_SOURCE RECORDS_:
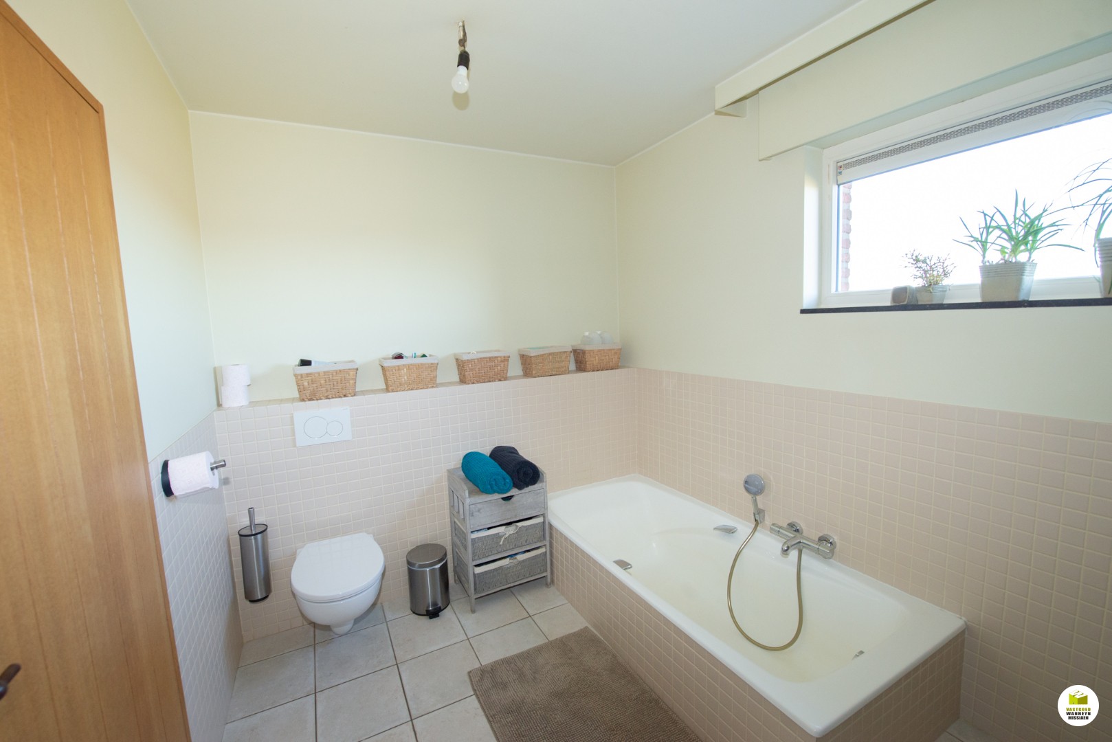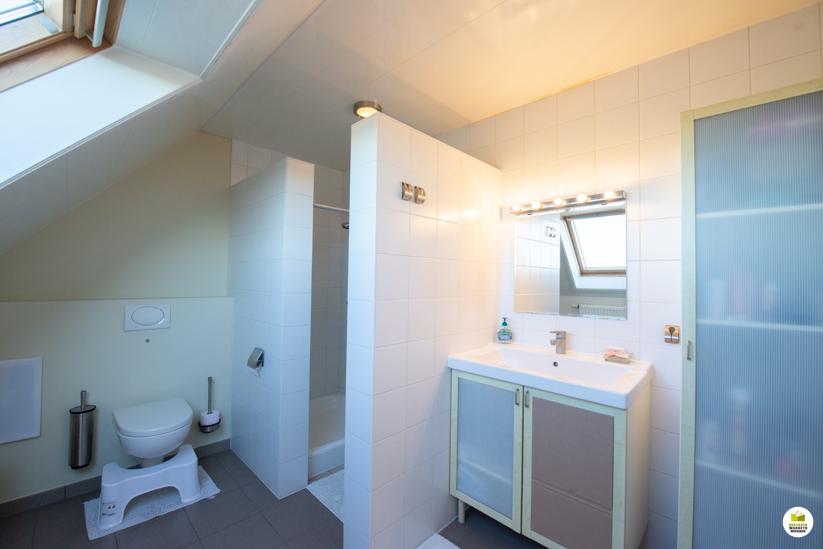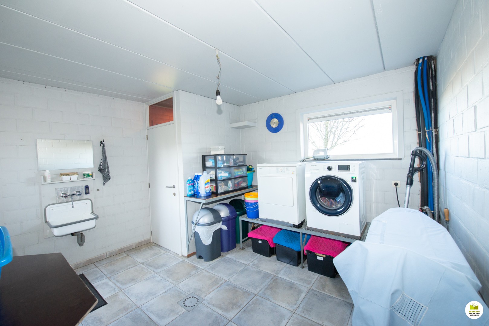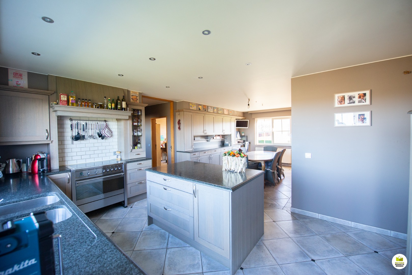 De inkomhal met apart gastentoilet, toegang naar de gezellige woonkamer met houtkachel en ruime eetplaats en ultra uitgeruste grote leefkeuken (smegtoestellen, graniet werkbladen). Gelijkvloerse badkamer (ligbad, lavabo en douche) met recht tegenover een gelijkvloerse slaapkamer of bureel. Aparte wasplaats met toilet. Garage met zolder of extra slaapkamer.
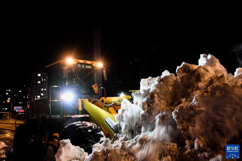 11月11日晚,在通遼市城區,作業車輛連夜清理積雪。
--
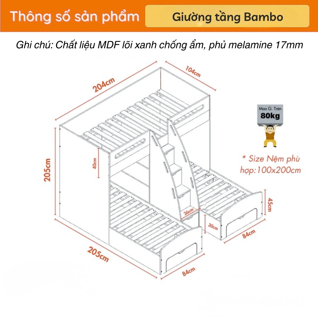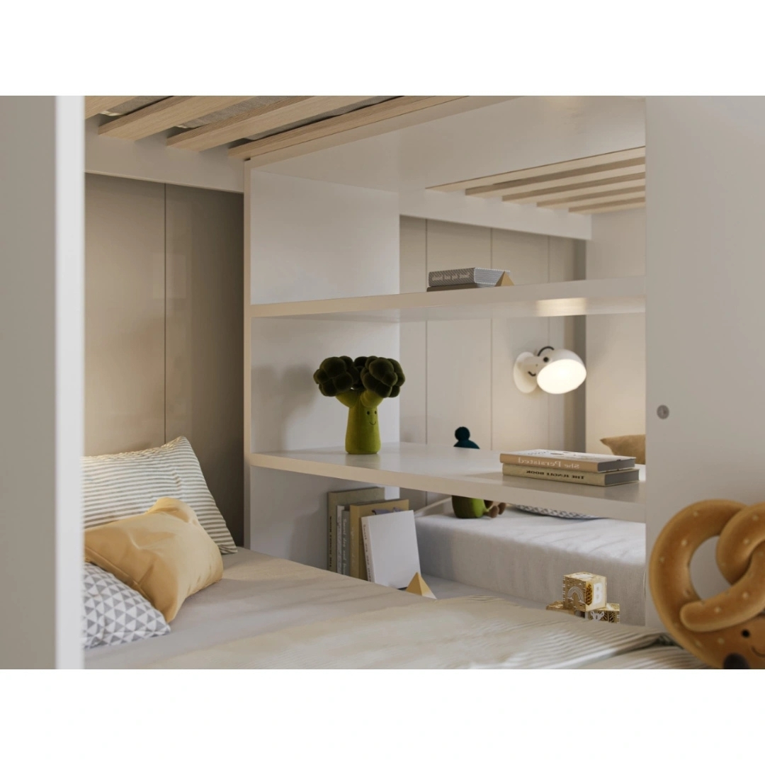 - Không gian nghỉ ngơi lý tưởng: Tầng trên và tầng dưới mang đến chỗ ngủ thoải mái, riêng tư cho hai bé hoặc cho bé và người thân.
---
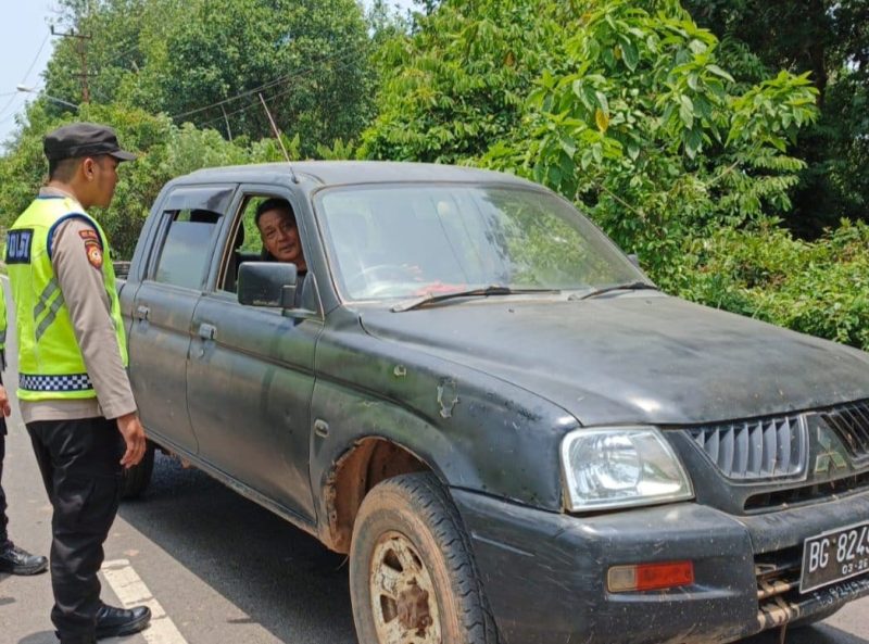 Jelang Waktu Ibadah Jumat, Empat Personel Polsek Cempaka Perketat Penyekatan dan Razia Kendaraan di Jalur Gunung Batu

_YOUR OBJECTIVE_:
Starting at the line above that has "De inkomhal met" and ending at the line that has "11月11日晚,在通遼市城區,作業車輛連夜清理積雪。", copy each line exactly, leaving the pictures out and adding nothing.

_WRITTEN SOLUTION_:
 De inkomhal met apart gastentoilet, toegang naar de gezellige woonkamer met houtkachel en ruime eetplaats en ultra uitgeruste grote leefkeuken (smegtoestellen, graniet werkbladen). Gelijkvloerse badkamer (ligbad, lavabo en douche) met recht tegenover een gelijkvloerse slaapkamer of bureel. Aparte wasplaats met toilet. Garage met zolder of extra slaapkamer.
 11月11日晚,在通遼市城區,作業車輛連夜清理積雪。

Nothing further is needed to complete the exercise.